- Born: Hazel Kathleen MacAulife 5 December 1935 (age 90)
- Occupation: Indexer
- Education: University of Reading

= Hazel K. Bell =

English indexer, editor, and writer

Hazel K. Bell is an indexer, editor and writer. Bell was editor of The Indexer and Learned Publishing journals. She has created nearly 900 book indexes and has also written and edited several books.

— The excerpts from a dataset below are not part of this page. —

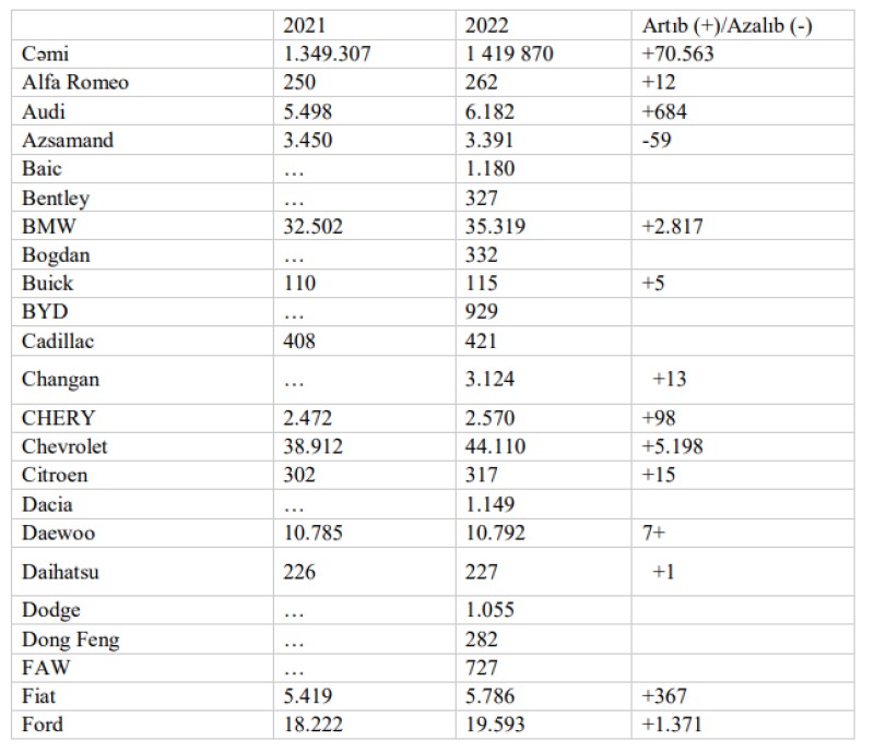 2022-ci ildə Azərbaycanda ən çox Toyota, Hyundai və KİA markalı avtomobillər artıb.Azərbaycanda dövlət qeydiyyatında olan minik avtomobillərinin sayı 2022-ci ildə 2021-ci illə müqayisədə 70 min 563 ədəd artaraq 31 dekabr 2022-ci il tarixində 1 milyon 419 min 870 ədədə çatıb.
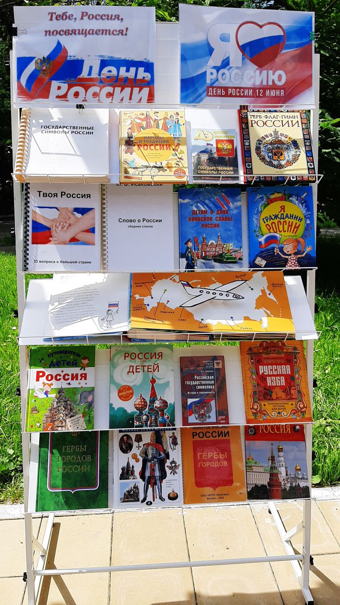 Ко Дню России в библиотеке оформлена выставка «Тебе, Россия, посвящается!».
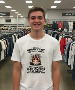 Imagine scrolling through your feed, seeing glowing reviews like, “My Printmuseusa T-shirt arrived so fast, I couldn’t believe it – free shipping and here in 3 days! It’s everything I hoped for,” or “Absolutely love the quality and the quick delivery. Best tee ever!” We hear you. That rush of joy when your package arrives, perfectly on time. Ever wonder how they manage such speedy delivery, and what if I need to return something? It’s that consistent reliability that makes our customers trust us, always reaching for their favorite Cat Being A Woman Is Hard You Always Want To Buy Something Slap Someone Lose Weight Or Eat Something Sweet T Shirts for that perfect blend of comfort and humor.
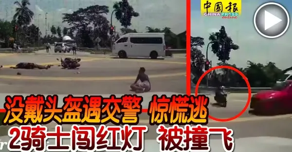 沒戴頭盔遇交警 驚慌逃 2騎士闖紅燈 被撞飛
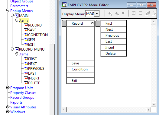 Pop Up menus are those, which are displayed on the screen when we right click on it. Pop Up menu makes any application easier to use it. In Oracle Forms also we can make pop up menus to add different menu items for the operating form. The items for operations such as inserting, saving, deleting and navigating records can be included in the pop up menu. Here I have written some steps for creating pop up menus in Oracle Forms along with their screenshots.
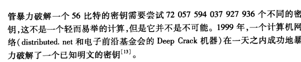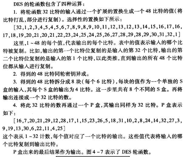 DES设计中使用了分组密码设计的两个原则:混淆(confusion)和扩散(diffusion),其目的是抗击敌手对密码系统的统计分析。混淆是使密文的统计特性与密钥的取值之间的关系尽可能复杂化,以使密钥和明文以及密文之间的依赖性对密码分析者来说是无法利用的。扩散的作用就是将每一位明文的影响尽可能迅速地作用到较多的输出密文位中,以便在大量的密文中消除明文的统计结构,并且使每一位密钥的影响尽可能迅速地扩展到较多的密文位中,以防对密钥进行逐段破译。
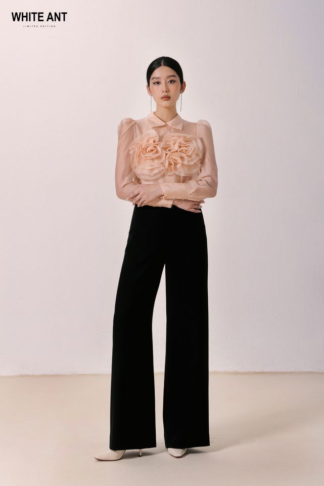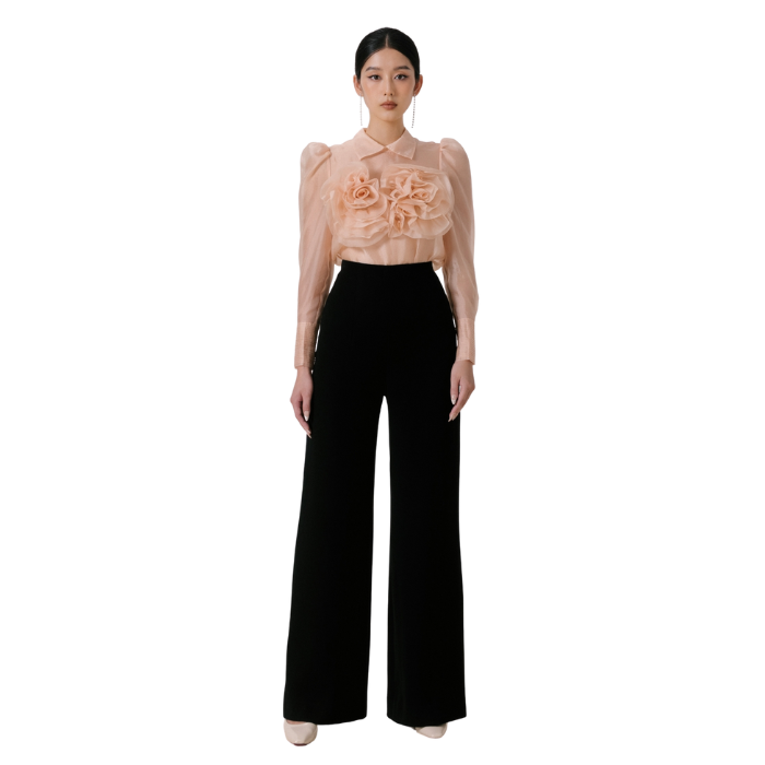 Hot Sales Black Wide Leg Women's Pants & Trousers MILCAH WIDE LEG TROUSERS 85% Polyester 15% Spandex Formal Womens Clothing
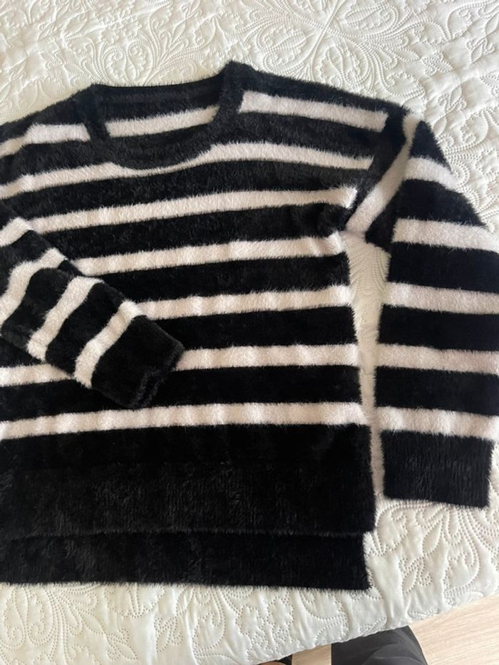Pull chaud à rayures noir et blanc - photo numéro 2

Bell received the Carey Award for services to indexing in 1997 and has been awarded the Wheatley Medal of the Society of Indexers for an outstanding index twice in 2005 and 2006.

== Life ==
Hazel Kathleen Bell (née MacAulife) was born on 5 December 1935 in Feltham, UK. She studied at the University of Reading. She started freelancing for publishers while raising her children and has created nearly 900 book indexes. Bell was editor of Society of Indexers' The Indexer journal from 1978 to 1995 and editor of Learned Publishing journal (Association of Learned and Professional Society Publishers) from 1984 to 1996. She received the Carey Award for services to indexing in 1997 and has been awarded the Wheatley Medal of the Society of Indexers for an outstanding index twice in 2005 and 2006.

== Publications ==
Books written and edited by Hazel K. Bell include:

- From Flock Beds to Professionalism: A History of Index-makers (2008).
- Indexers and Indexes in Fact and Fiction (2001).
- Indexing Biographies and Other Stories of Human Lives (2020).